:: Aim of the exercise ::
Copy verbatim the block of lines in the entries below whose first line contains "СЕКРЕТ ФО ПЕТС" and whose last line contains "Then while some". Leave out all other lines.
####
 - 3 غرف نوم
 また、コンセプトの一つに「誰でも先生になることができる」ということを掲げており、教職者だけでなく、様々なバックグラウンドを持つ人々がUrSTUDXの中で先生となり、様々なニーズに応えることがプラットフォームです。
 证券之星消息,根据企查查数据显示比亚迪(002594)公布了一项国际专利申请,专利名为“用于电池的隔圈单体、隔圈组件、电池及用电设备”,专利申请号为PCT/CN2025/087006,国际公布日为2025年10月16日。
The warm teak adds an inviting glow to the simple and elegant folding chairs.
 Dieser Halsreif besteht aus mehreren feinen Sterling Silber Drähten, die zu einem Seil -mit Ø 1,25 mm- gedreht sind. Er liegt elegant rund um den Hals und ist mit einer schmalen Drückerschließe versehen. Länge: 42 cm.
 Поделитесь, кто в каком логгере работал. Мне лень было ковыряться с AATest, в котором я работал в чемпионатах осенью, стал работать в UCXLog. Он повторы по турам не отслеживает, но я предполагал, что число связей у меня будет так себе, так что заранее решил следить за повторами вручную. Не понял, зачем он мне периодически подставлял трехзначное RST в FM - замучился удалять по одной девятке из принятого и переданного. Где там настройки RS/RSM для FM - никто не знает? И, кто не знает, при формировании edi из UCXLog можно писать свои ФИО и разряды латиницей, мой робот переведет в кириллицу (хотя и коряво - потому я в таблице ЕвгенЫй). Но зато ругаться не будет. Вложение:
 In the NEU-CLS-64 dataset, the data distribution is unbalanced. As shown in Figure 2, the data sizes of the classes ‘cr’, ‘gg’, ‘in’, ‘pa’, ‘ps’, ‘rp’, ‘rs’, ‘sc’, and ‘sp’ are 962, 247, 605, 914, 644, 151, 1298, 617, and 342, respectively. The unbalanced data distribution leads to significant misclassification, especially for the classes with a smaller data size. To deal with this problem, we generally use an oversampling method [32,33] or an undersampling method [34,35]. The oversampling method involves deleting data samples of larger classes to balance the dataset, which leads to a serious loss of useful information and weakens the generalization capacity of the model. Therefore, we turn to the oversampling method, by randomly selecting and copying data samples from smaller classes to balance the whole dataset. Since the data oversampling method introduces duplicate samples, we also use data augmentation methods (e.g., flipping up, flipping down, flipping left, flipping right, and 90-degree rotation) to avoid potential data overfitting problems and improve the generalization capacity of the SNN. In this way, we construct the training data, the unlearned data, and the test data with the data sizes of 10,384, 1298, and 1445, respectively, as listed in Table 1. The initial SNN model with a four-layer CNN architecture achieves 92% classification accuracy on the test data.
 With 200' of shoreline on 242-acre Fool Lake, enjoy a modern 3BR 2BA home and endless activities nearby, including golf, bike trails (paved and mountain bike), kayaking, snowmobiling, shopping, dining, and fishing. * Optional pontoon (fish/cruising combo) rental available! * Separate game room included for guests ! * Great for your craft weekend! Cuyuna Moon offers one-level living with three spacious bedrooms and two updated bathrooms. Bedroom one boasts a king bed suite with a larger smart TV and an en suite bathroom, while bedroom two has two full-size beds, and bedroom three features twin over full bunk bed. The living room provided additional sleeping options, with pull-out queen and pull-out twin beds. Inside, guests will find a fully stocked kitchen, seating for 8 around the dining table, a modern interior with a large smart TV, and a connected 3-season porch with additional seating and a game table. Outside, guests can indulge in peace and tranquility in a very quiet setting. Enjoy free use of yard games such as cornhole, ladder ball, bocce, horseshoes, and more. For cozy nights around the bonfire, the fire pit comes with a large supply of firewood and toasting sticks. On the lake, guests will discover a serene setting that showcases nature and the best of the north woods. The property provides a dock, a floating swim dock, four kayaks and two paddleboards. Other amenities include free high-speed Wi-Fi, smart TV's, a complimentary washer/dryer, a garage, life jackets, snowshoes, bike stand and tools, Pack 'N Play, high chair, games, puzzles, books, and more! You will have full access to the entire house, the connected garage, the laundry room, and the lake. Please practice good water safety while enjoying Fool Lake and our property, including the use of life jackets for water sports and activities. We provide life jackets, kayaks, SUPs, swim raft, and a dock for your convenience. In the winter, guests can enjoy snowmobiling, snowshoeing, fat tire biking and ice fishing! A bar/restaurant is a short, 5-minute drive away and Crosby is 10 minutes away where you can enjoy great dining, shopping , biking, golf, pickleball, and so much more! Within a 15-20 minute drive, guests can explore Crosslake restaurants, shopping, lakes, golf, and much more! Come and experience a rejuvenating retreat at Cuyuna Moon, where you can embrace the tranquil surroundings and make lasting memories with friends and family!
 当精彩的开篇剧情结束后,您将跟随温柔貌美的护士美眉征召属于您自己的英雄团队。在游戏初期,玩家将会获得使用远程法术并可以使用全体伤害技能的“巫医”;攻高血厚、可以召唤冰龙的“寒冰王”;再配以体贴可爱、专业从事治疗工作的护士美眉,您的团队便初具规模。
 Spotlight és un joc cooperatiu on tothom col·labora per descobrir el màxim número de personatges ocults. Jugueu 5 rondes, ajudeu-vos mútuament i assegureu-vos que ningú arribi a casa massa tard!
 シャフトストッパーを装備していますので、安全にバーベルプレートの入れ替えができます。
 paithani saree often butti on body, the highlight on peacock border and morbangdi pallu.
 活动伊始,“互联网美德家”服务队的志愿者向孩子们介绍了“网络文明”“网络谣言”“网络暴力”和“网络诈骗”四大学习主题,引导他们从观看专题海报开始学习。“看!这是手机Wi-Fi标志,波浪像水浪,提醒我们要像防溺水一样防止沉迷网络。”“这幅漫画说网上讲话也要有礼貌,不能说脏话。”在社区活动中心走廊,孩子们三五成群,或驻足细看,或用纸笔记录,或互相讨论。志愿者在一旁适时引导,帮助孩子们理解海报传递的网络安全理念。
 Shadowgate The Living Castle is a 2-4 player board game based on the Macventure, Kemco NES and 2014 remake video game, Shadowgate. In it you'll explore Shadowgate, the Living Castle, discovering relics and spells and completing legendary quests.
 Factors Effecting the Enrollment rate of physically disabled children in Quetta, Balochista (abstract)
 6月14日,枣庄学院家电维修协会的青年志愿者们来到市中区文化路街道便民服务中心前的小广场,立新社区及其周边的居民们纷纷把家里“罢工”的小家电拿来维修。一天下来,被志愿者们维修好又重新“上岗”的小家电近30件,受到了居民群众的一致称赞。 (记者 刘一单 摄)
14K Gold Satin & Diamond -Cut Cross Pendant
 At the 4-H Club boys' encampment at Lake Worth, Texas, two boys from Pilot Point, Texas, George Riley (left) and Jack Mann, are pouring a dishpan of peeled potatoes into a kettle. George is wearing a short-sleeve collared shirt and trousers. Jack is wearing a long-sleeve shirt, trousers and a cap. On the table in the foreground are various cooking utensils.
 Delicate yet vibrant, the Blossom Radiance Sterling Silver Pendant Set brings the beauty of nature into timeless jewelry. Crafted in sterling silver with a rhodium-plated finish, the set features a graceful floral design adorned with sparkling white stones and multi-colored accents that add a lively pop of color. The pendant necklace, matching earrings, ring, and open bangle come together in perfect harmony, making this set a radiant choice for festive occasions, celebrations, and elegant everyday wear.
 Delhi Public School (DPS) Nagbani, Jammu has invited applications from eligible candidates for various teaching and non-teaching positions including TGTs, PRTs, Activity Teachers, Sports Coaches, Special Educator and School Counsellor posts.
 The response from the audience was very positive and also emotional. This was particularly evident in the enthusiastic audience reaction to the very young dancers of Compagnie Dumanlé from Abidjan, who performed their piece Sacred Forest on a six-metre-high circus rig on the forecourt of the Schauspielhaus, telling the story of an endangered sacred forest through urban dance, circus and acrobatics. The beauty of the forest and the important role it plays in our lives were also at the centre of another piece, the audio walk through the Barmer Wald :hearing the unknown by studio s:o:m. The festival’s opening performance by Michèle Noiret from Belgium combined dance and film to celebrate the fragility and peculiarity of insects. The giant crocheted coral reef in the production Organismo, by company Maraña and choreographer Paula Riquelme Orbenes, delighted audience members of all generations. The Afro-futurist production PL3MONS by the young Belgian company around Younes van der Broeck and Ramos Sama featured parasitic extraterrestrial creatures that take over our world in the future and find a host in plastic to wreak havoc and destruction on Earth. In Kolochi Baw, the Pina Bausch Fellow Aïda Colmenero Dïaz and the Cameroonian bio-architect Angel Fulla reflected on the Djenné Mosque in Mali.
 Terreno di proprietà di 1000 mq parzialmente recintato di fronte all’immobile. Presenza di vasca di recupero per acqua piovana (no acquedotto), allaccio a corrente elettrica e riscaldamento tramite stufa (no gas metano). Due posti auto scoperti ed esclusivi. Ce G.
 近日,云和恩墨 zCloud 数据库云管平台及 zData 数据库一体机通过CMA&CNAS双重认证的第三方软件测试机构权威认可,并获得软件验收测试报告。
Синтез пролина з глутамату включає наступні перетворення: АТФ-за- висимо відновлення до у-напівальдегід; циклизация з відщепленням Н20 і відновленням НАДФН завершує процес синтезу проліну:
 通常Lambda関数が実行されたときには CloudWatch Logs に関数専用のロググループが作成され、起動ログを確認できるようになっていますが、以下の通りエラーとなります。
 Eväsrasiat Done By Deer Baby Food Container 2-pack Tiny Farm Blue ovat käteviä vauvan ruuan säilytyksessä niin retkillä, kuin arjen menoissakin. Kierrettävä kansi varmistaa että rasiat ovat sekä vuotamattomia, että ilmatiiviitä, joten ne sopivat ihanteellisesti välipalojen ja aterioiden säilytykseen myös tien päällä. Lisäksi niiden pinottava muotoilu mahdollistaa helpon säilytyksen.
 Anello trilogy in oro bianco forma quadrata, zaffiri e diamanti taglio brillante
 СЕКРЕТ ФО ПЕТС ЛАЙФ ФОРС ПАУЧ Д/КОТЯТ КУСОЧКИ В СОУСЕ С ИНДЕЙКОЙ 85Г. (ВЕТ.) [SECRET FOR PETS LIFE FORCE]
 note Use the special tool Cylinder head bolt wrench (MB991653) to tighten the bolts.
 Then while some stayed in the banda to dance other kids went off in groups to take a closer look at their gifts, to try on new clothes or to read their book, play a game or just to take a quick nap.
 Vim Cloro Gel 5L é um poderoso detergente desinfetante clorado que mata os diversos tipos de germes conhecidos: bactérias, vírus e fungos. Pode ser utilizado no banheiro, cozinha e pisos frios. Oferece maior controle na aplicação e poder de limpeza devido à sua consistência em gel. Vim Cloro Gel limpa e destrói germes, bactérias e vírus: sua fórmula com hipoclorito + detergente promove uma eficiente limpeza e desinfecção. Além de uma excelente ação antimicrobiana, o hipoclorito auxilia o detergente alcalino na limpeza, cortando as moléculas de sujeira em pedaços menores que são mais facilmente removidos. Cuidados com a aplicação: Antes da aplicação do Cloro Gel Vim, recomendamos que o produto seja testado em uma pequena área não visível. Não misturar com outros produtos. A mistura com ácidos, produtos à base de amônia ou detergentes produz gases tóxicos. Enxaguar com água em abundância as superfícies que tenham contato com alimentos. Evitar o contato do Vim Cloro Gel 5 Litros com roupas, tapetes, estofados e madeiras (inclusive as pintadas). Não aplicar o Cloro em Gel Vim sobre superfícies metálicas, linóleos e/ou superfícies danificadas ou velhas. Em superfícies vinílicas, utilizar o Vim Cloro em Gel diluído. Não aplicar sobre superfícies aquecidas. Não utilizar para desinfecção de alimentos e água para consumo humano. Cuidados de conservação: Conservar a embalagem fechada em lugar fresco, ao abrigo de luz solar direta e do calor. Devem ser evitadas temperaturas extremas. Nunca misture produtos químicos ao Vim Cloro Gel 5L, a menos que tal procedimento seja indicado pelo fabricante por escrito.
####
:: Reply ::
 СЕКРЕТ ФО ПЕТС ЛАЙФ ФОРС ПАУЧ Д/КОТЯТ КУСОЧКИ В СОУСЕ С ИНДЕЙКОЙ 85Г. (ВЕТ.) [SECRET FOR PETS LIFE FORCE]
 note Use the special tool Cylinder head bolt wrench (MB991653) to tighten the bolts.
 Then while some stayed in the banda to dance other kids went off in groups to take a closer look at their gifts, to try on new clothes or to read their book, play a game or just to take a quick nap.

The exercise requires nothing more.